* **What to work on**
No pictures, please. Output the lines from the start of the data through the line that contains "这套灰色西装是属于常规版型,颜色也是很好看深灰色", both included, exactly as they stand.

* **Exercise materials**
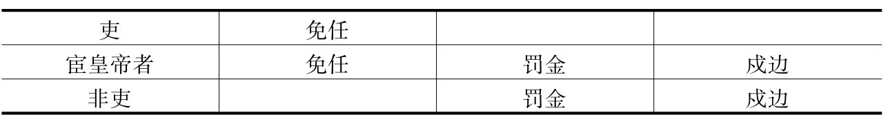 “非吏及宦”四字,原书无注。不过这“宦”字显系“宦皇帝者”省称。这条律文说,对任人“不廉不胜任”、即所保荐者贪污或不称职时,除本人罢免外,其“任者”即保荐人也要免官;那保荐人如果“非吏”,或者是“宦皇帝者”,则其惩罚还得加上罚金和戍边两项。“非吏”无官,其惩罚只有罚金、戍边;“宦皇帝者”有官,其惩罚将有免任、罚金、戍边三项。那么这里所涉及的保任者,就有“吏”、“非吏”和“宦”3种,相关的惩罚也有3等。即如:
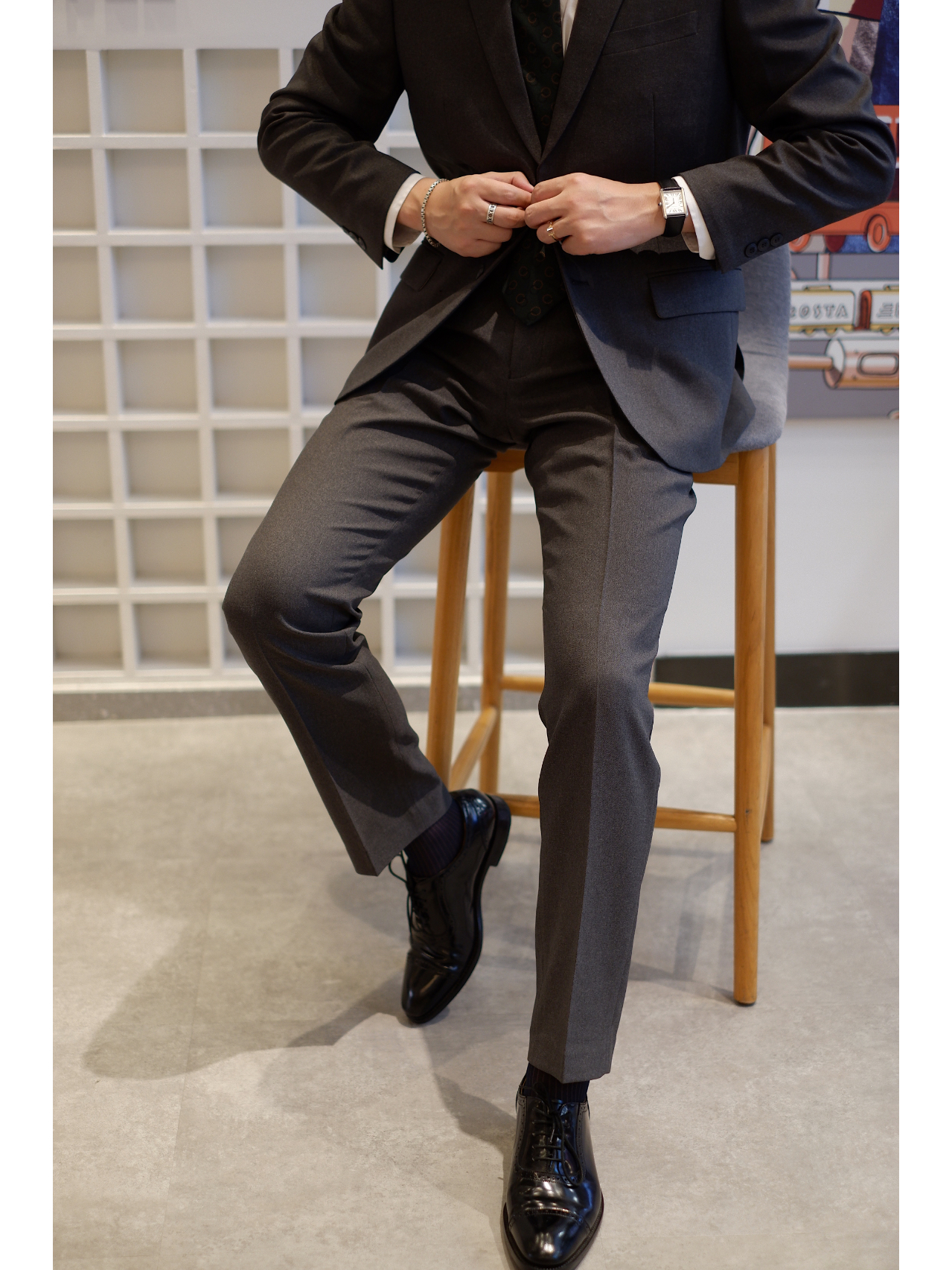 这套灰色西装是属于常规版型,颜色也是很好看深灰色
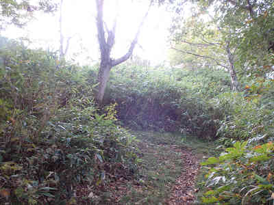 左右に笹原を眺めながら坂を下り、象山と鏡ヶ成の分岐点へ着いた。ここで雲の中の象山へ向かうか、次の山へ向かうかを考えたが、象山へ向かっても往復30分程度の行程なので、そのまま向かうことにした。整備された石段へ向かい、少しずつ高度を上げる。
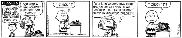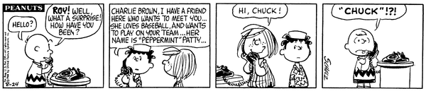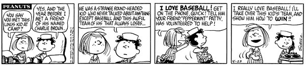ロイ「チャーリー・ブラウン、君に会いたがってる友だちがここにいるんだ…彼女は野球が大好きで、君のチームでプレーしたいって…名前は“ペパーミント”パティ…」
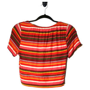 NEW BCBGeneration Crop Top Striped Colorful Summer Shirt with Scoop Neck Size XS
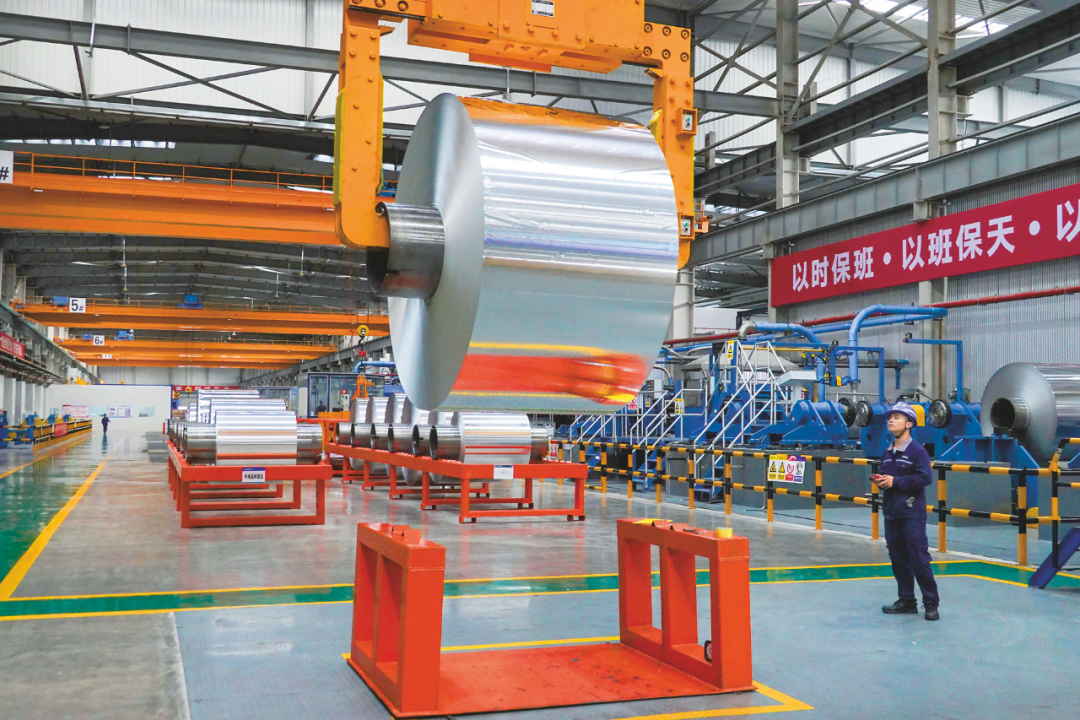 在南寧產投鋁基新材料集團有限責任公司年產20萬噸新能源電池鋁箔技改項目(二期)生產車間,一派繁忙生產景象。記者 葉子榕 攝
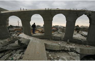 A Palestinian man stands in the window frames of a destroyed mosque on January 20, 2009 in the southern part of Gaza City, Gaza (GETTY IMAGES)

* **Response to this task**
 “非吏及宦”四字,原书无注。不过这“宦”字显系“宦皇帝者”省称。这条律文说,对任人“不廉不胜任”、即所保荐者贪污或不称职时,除本人罢免外,其“任者”即保荐人也要免官;那保荐人如果“非吏”,或者是“宦皇帝者”,则其惩罚还得加上罚金和戍边两项。“非吏”无官,其惩罚只有罚金、戍边;“宦皇帝者”有官,其惩罚将有免任、罚金、戍边三项。那么这里所涉及的保任者,就有“吏”、“非吏”和“宦”3种,相关的惩罚也有3等。即如:
 这套灰色西装是属于常规版型,颜色也是很好看深灰色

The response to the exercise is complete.